A startup Qulture Rocks é a quarta empresa brasileira a realizar um feito invejável. O negócio foi aprovado no começo deste ano na Y Combinator, famosa aceleradora do Vale do Silício (Estados Unidos) que possui uma seleção ainda mais difícil do que a da Universidade de Harvard.
Como a startup conseguiu? Uma pista pode estar na escolha por resolver um problema marcante em vários países, inclusive no Brasil: a falta de feedback honesto e de acompanhamento real das metas empresariais.
“Todas as empresas de sucesso possuem preocupação com o fortalecimento de sua cultura e com a gestão do seu desempenho. Basta olhar para gigantes como a Netflix”, afirma Francisco de Mello, fundador da Qulture Rocks.
Com a aprovação na Y Combinator, o negócio conquistou um investimento de 400 mil reais e o acesso a uma rede de relacionamentos que inclui negócios como Airbnb e Dropbox.
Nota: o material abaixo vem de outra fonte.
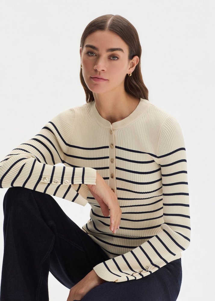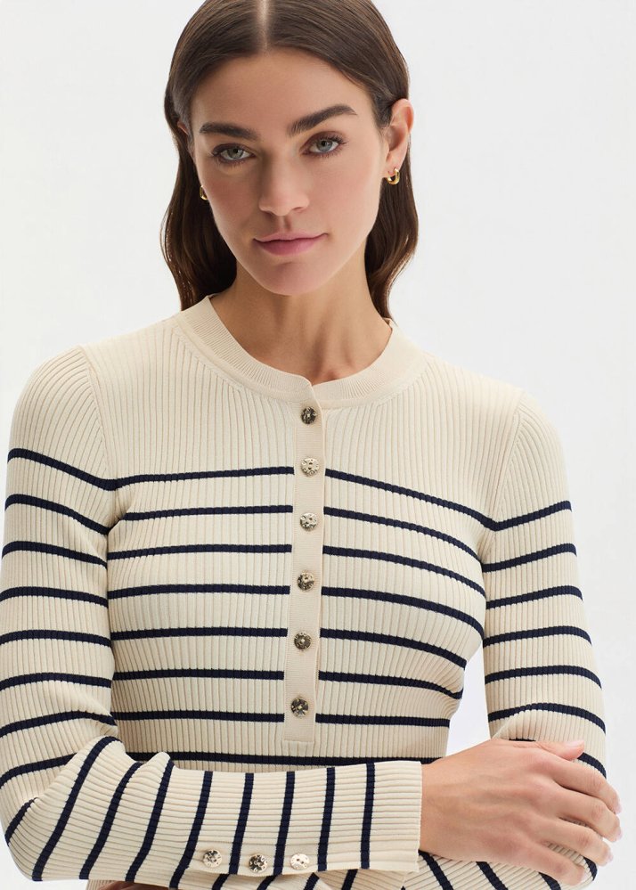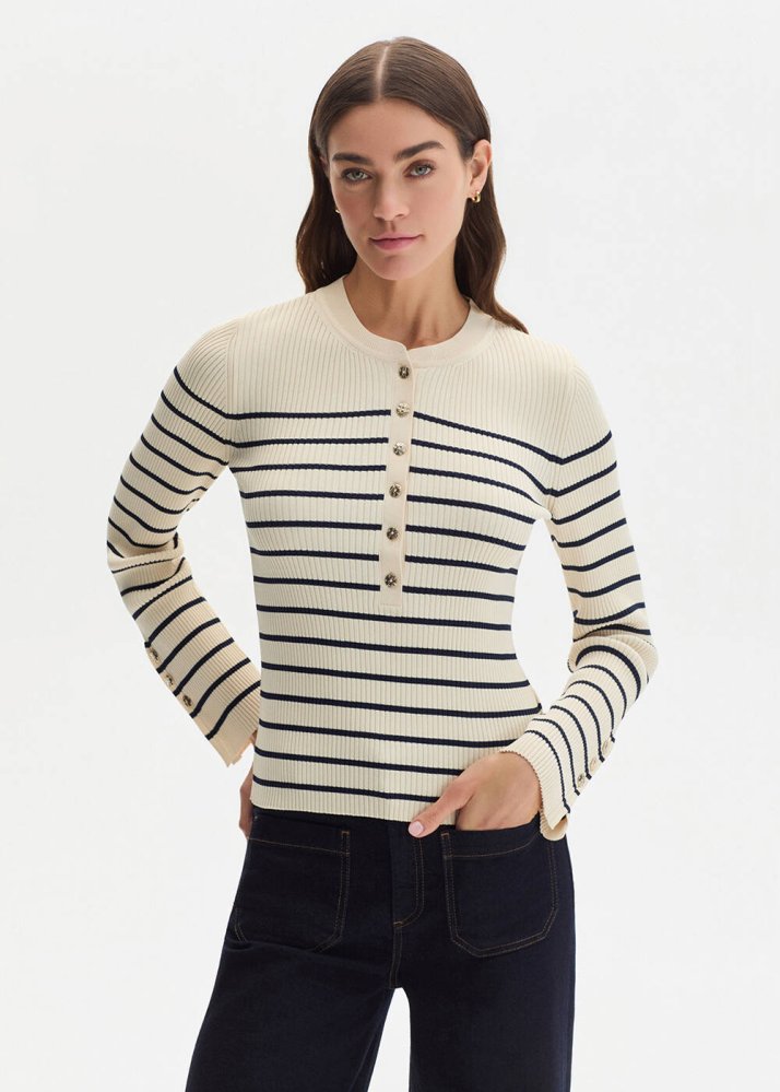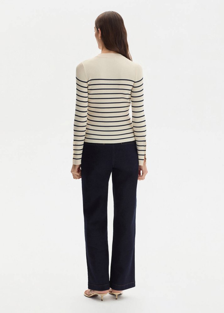 BUTTONED COLLAR SAND NAVY STRIPED KNIT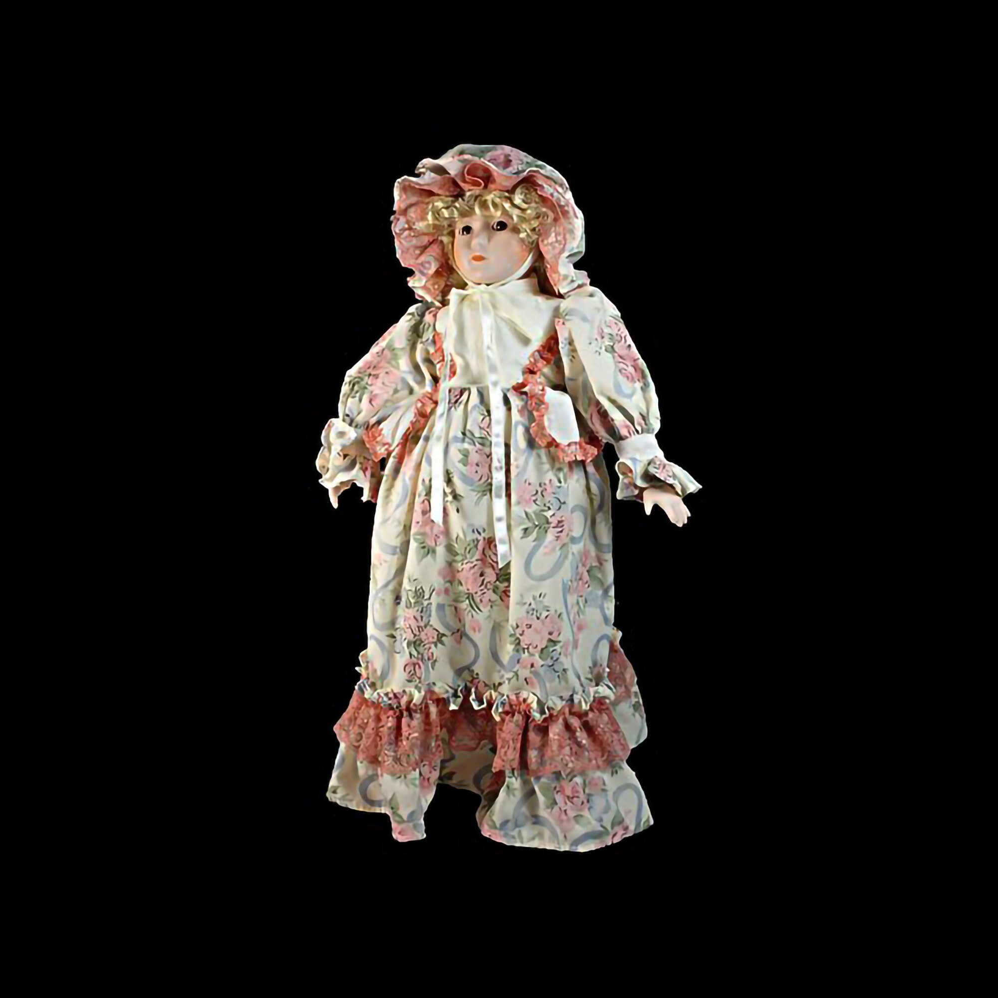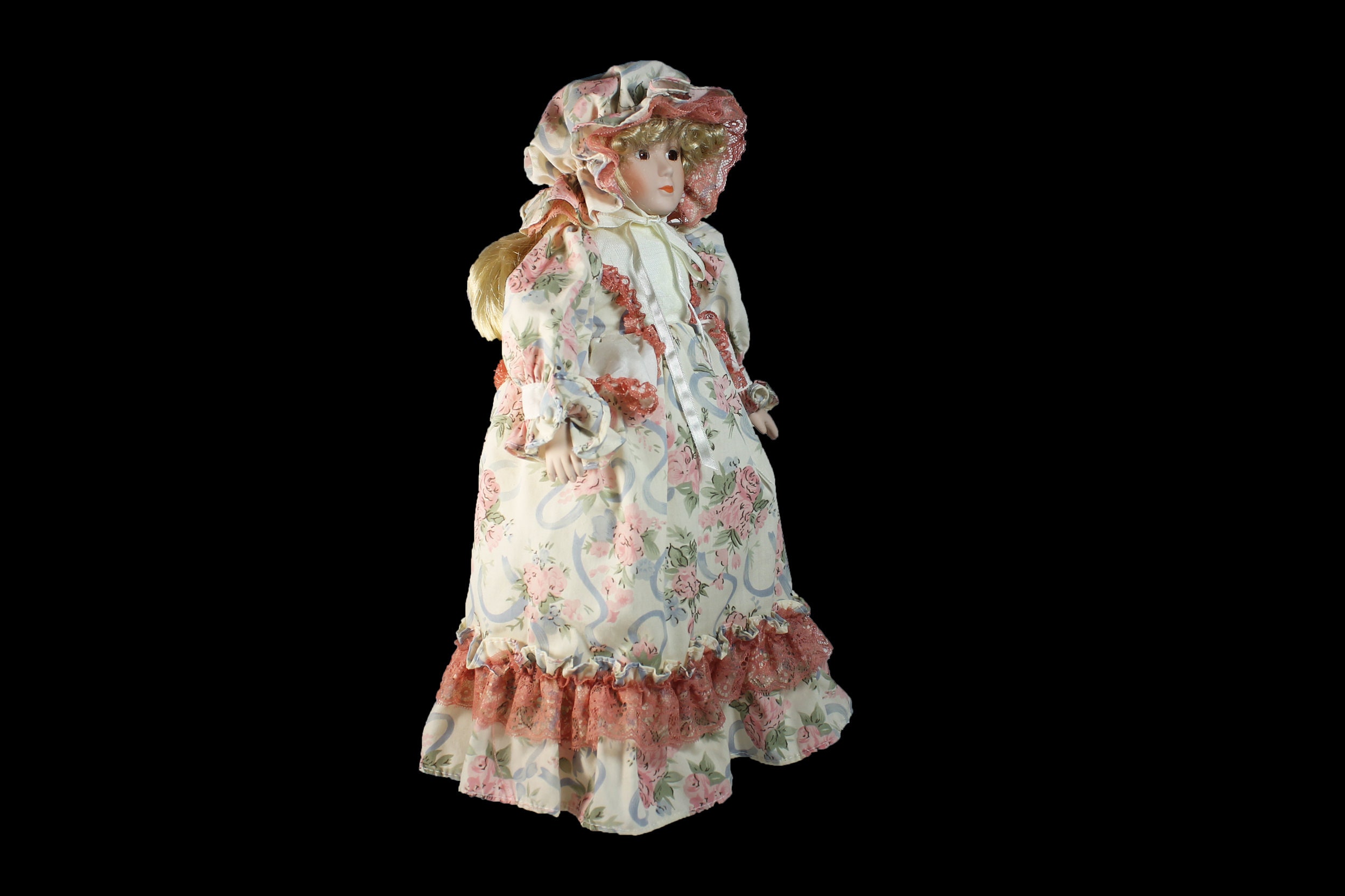 A lovely porcelain doll in a lovely rose print dress with lots of lace. She has a matching bonnet, blonde curly hair, and brown eyes. Her head, hands, and feet are porcelain. What a great doll to add to a collection.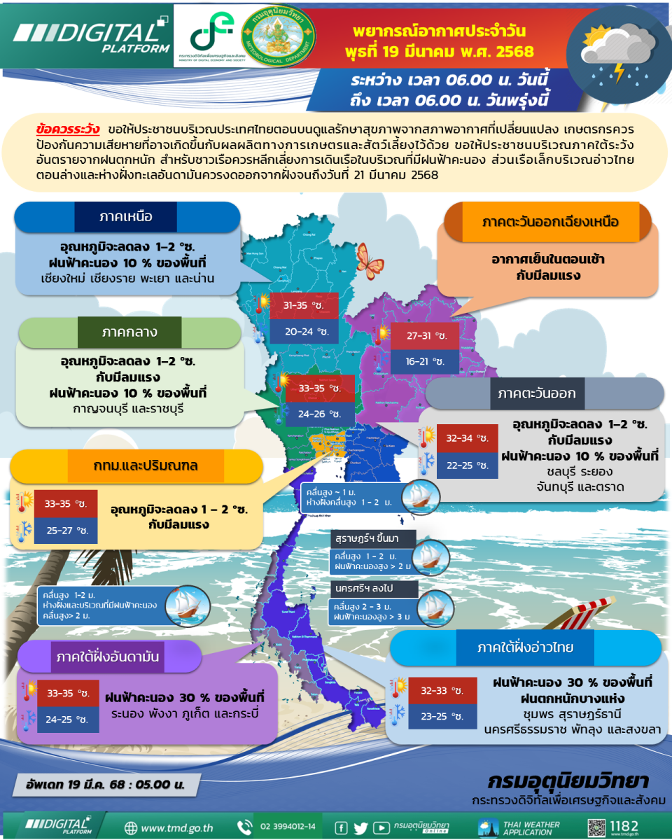 ส่วนเรือเล็กบริเวณอ่าวไทยตอนล่างและห่างฝั่งทะเลอันดามันควรงดออกจากฝั่งจนถึงวันที่ 21 มีนาคม 2568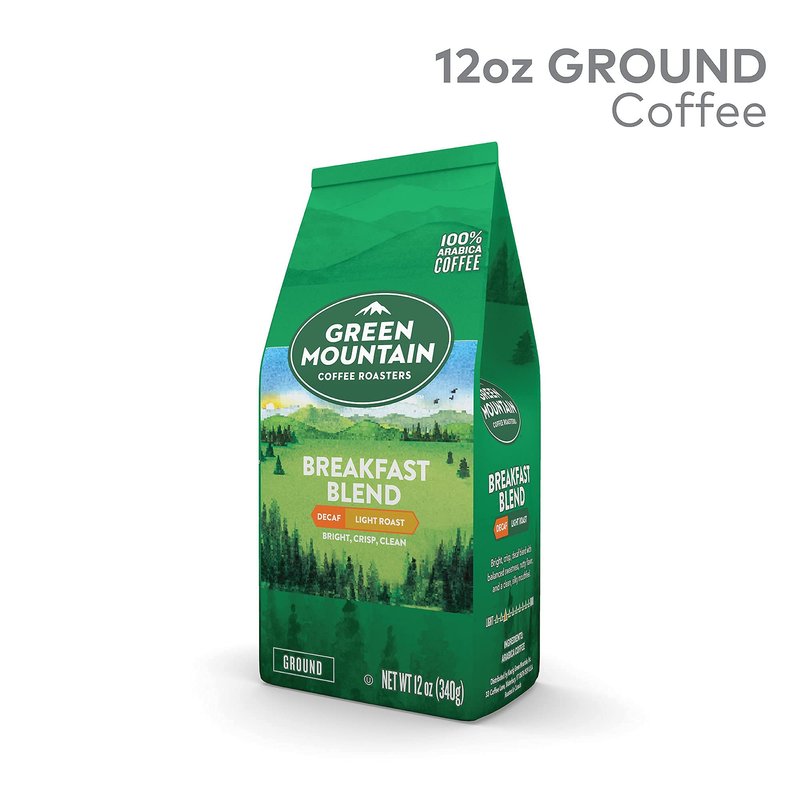 Green Mountain Coffee Roasters, Breakfast Blend Decaf, Ground Coffee, Decaffeinated, Light Roast, Bagged 12oz.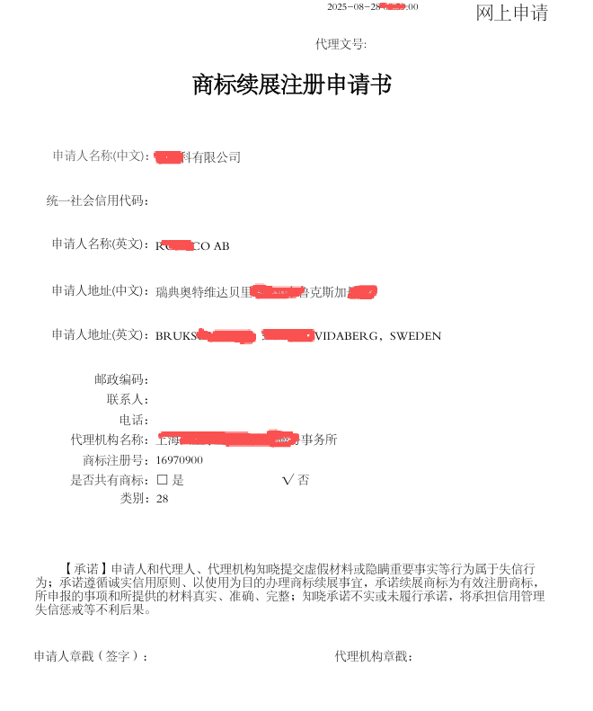 This is a real China trademark renewal case for a Swedish company.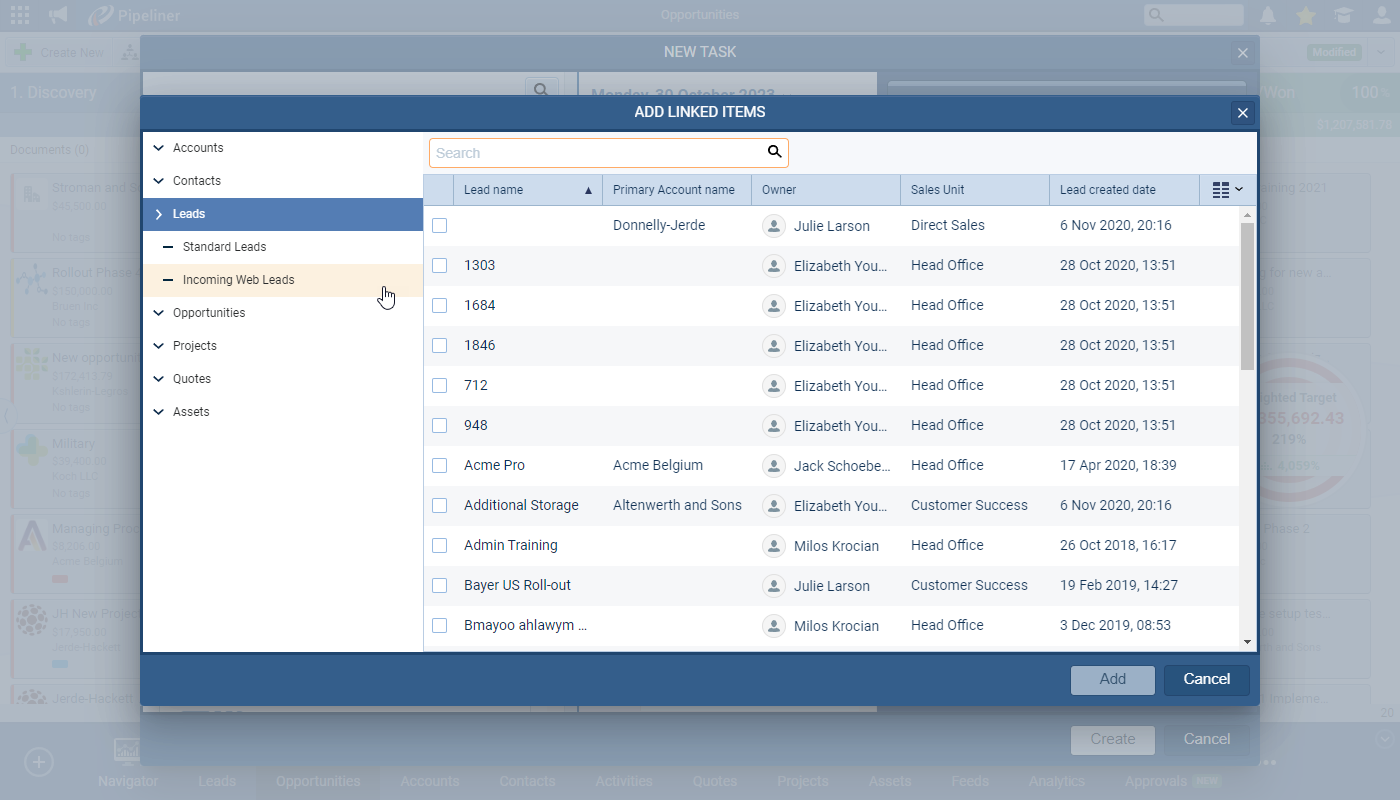When it’s possible to add multiple entities of different types — e.g. when adding multiple Linked Items to an “Activity” — the left hand panel will display all Entities and also all “Types” (Types of Contact, Opportunity Pipelines, LeadLead Lead refers to a prospect or potential customer (who can be an individual or organization) that exhibits interest in your service or product; or any additional information about such entity. Forms, for example). Users can select multiple records of different types at once. ⤵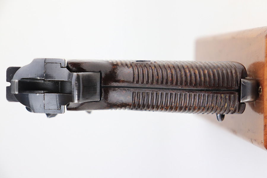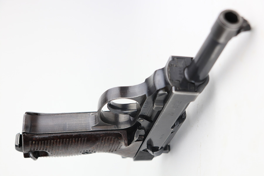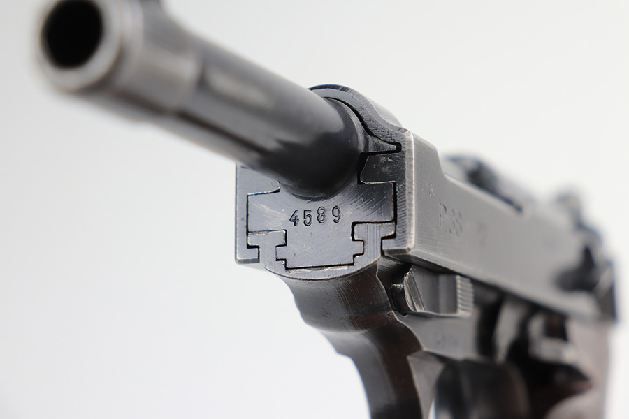 12/22/21 – – This is a very nice example of a rare Mauser P.38 rig issued to the Nazi military in 1942. It is a first-year Mauser production, where only 19,000 of these were made, making it only slightly more common than the zero series or Nazi-marked svw 45’s. The dust blue finish is original and rates at 90-92%, with most of the finish loss on the front left area of the slide and left side of the barrel. Bore is very good with just a little bit of frost. Excellent grips with no cracks or chips. Mauser mag.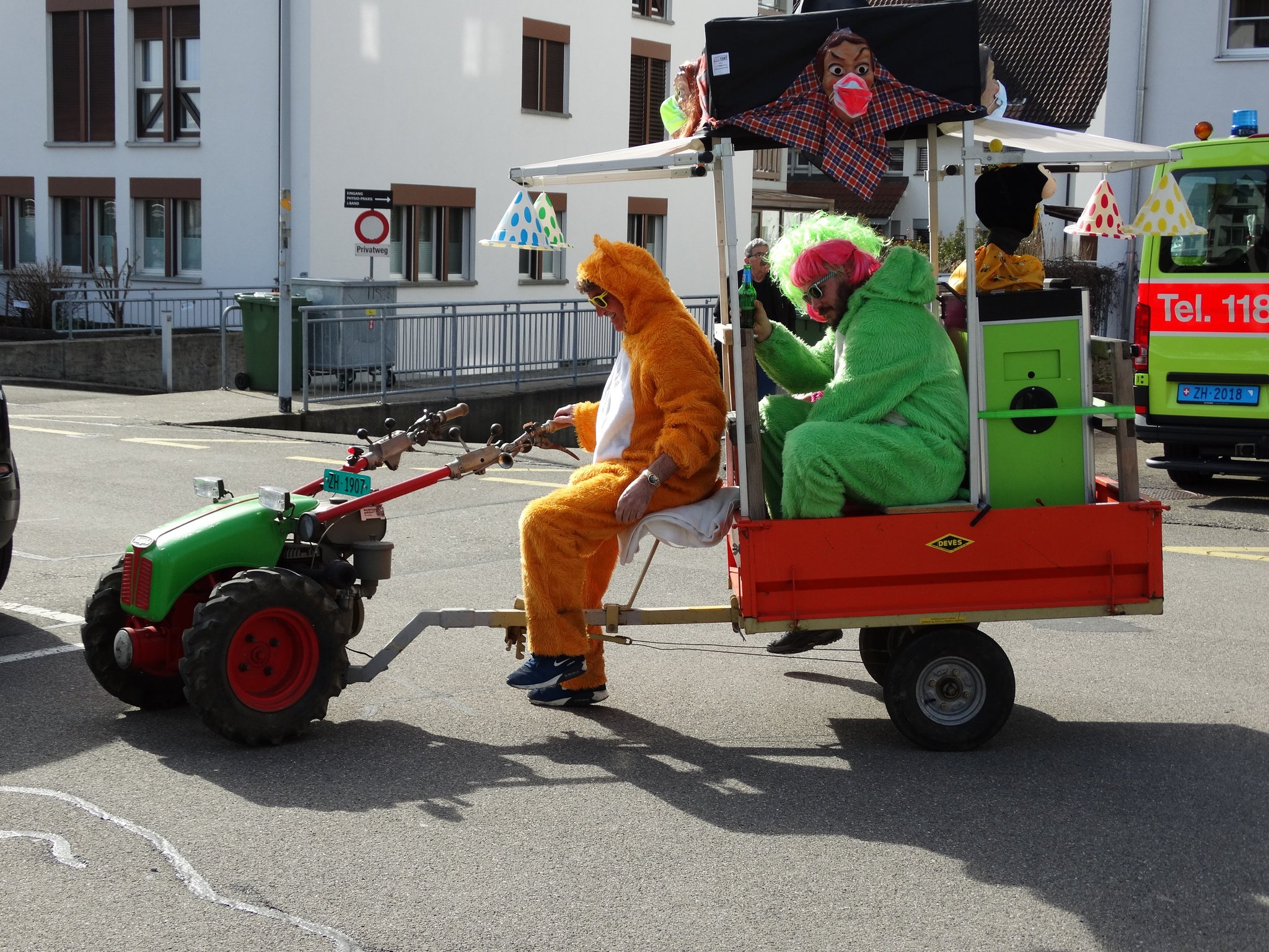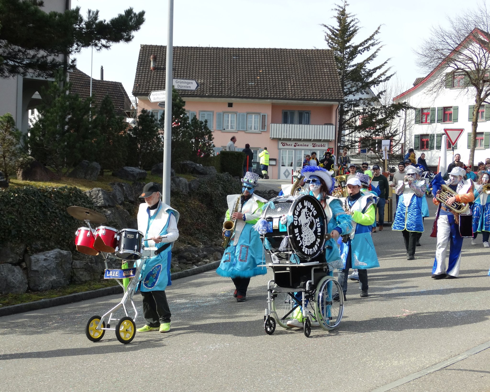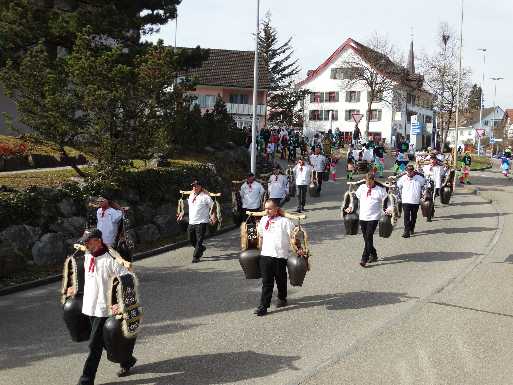 In den letzten Jahren hat es meistens gepasst: Wenn in Bubikon Kinder-Fasnachtsumzug ist, beginnt der Frühling. Oder zumindest herrscht frühlingshaftes Wetter. So war es auch am Samstag, 22. Februar 2025: Eine bunte Schar kleiner und grosser Fasnächtler (wie gendert man das? Fasnächtelnde?)  besammelte sich nach 12 Uhr auf dem Chilbiplatz und setzte sich punkt 12.30 Uhr in Bewegung, eskortiert von den Batzberg Trychlern und von der Laie Gugge aus Zürich-Altstetten. Und natürlich begleitet von Muselmanen der Hilaria, von Après-Skifahrererinnen, von Hülsebrüdern, falschen Feuerwehrleuten und falschen Polizisten, und, und, und. Viele Mamis und Papis, die den verkleideten Nachwuchs begleiteten, hatten sich ebenfalls in Kostüme gezwängt. Und natürlich durfte am Schluss des Umzugs die Stärkung mit Würstli, Brot und Getränk nicht fehlen. (bn)

A aceleração mudou as metas da empresa para planos ainda mais ambiciosos: crescer seu faturamento em 200% em 2018.
Ideia de negócio e fim da burocracia em RH
Mello trabalhou no mercado financeiro desde que se formou na Fundação Getúlio Vargas (FGV). Seu último emprego foi na área comercial do BTG Pactual, quando já sentia que o desejo de empreender falava mais alto.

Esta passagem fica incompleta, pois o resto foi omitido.